For on-premises DataHub Cloud, your hosted MCP server URL is https://<datahub-fqdn>/integrations/ai/mcp/?token=<token>.

For example, it might look something like https://datahub.example.com/integrations/ai/mcp/?token=eyJh....

Configure

Claude Desktop
  1. Open your claude_desktop_config.json file. You can find it by navigating to Claude Desktop -> Settings -> Developer -> Edit Config.
  2. Update the file to include the following content. Be sure to replace <tenant> and <token> with your own values.
{
  "mcpServers": {
    "datahub-cloud": {
      "command": "npx",
      "args": [
        "-y",
        "mcp-remote",
        "https://<tenant>.acryl.io/integrations/ai/mcp/?token=<token>"
      ]
    }
  }
}
Cursor
  1. Make sure you're using Cursor v1.1 or newer.
  2. Navigate to Cursor -> Settings -> Cursor Settings -> MCP -> add a new MCP server
  3. Enter the following into the file:
{
  "mcpServers": {
    "datahub-cloud": {
      "url": "https://<tenant>.acryl.io/integrations/ai/mcp/?token=<token>"
    }
  }
}
  1. Once you've saved the file, confirm that the MCP settings page shows a green dot and a couple tools associated with the server.
Other

Most AI tools support remote MCP servers. For those, you'll typically need to:

  • Provide the hosted MCP server URL: https://<tenant>.acryl.io/integrations/ai/mcp/?token=<token>
  • Ensure that the authentication mode is not set to "OAuth" (if applicable)

For AI tools that don't yet support remote MCP servers, you can use the mcp-remote tool to connect to the MCP server.

  • Command: npx
  • Args: -y mcp-remote https://<tenant>.acryl.io/integrations/ai/mcp/?token=<token>

Self-Hosted MCP Server Usage

You can run the open-source MCP server locally.

Prerequisites

  1. Install uv

    # On macOS and Linux.
    curl -LsSf https://astral.sh/uv/install.sh | sh
    
  2. For authentication, you'll need the following:

    • The URL of your DataHub instance's GMS endpoint; e.g. http://<localhost>:8080 or https://<tenant>.acryl.io
    • A personal access token

Configure

Claude Desktop
  1. Run which uvx to find the full path to the uvx command.

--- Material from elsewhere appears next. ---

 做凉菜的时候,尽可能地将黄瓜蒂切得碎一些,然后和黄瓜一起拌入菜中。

  2. Open your claude_desktop_config.json file. You can find it by navigating to Claude Desktop -> Settings -> Developer -> Edit Config.

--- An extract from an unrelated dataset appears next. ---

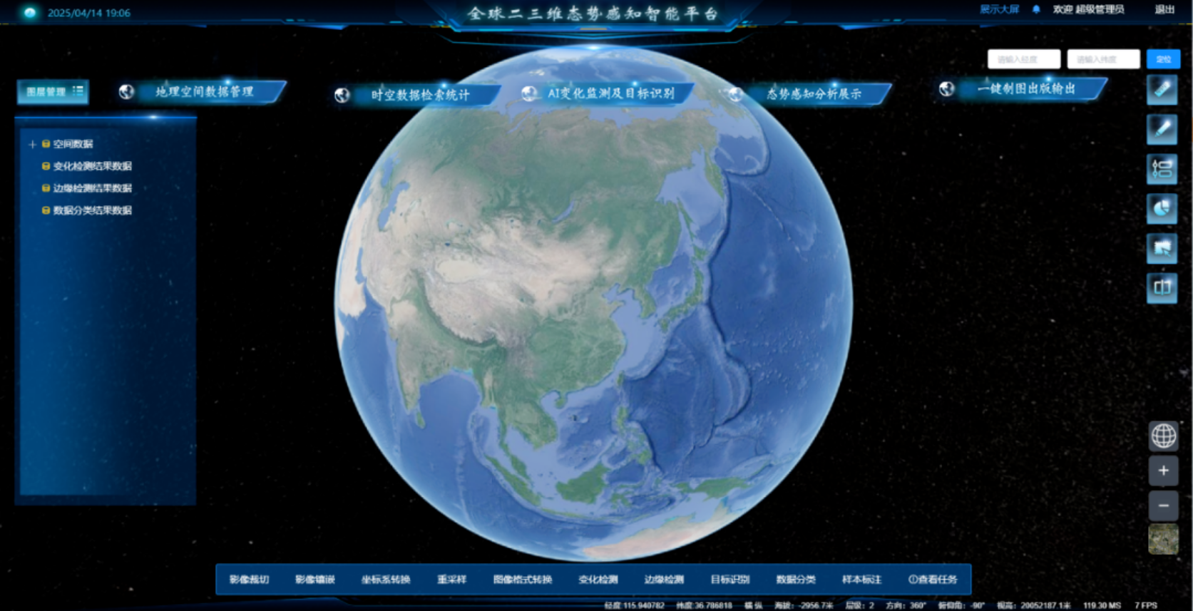 綜合利用衛(wèi)星遙感、地理空間數(shù)據(jù)、云計算、人工智能及大數(shù)據(jù)分析等技術(shù),并結(jié)合多源異構(gòu)數(shù)據(jù)建模技術(shù)、海量數(shù)據(jù)快速自動入庫技術(shù)、基于空間數(shù)據(jù)引擎技術(shù)有效整合數(shù)據(jù)資源,實現(xiàn)全球態(tài)勢感知智能化應(yīng)用系統(tǒng)。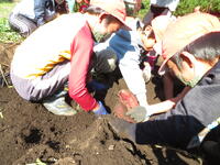 1・2年生で、6月に苗を植えてから5ヶ月が経過し、芋掘りを行いました。

  3. Update the file to include the following content. Be sure to replace <tenant> and <token> with your own values.

{
  "mcpServers": {
    "datahub": {
      "command": "<full-path-to-uvx>",  // e.g. /Users/hsheth/.local/bin/uvx
      "args": ["mcp-server-datahub@latest"],
      "env": {
        "DATAHUB_GMS_URL": "<your-datahub-url>",
        "DATAHUB_GMS_TOKEN": "<your-datahub-token>"
      }
    }
  }
}
Cursor
  1. Navigate to Cursor -> Settings -> Cursor Settings -> MCP -> add a new MCP server
  2. Enter the following into the file:
{
  "mcpServers": {
    "datahub": {
      "command": "uvx",
      "args": ["mcp-server-datahub@latest"],
      "env": {
        "DATAHUB_GMS_URL": "<your-datahub-url>",
        "DATAHUB_GMS_TOKEN": "<your-datahub-token>"
      }
    }
  }
}
  1. Once you've saved the file, confirm that the MCP settings page shows a green dot and a couple tools associated with the server.
Other

For other AI tools, you'll typically need to provide the following configuration:

  • Command: uvx
  • Args: mcp-server-datahub@latest
  • Env:
    • DATAHUB_GMS_URL: <your-datahub-url>
    • DATAHUB_GMS_TOKEN: <your-datahub-token>

Troubleshooting

spawn uvx ENOENT

The full stack trace might look like this:

2025-04-08T19:58:16.593Z [datahub] [error] spawn uvx ENOENT {"stack":"Error: spawn uvx ENOENT\n    at ChildProcess._handle.onexit (node:internal/child_process:285:19)\n    at onErrorNT (node:internal/child_process:483:16)\n    at process.processTicksAndRejections (node:internal/process/task_queues:82:21)"}

Solution: Replace the uvx bit of the command with the output of which uvx.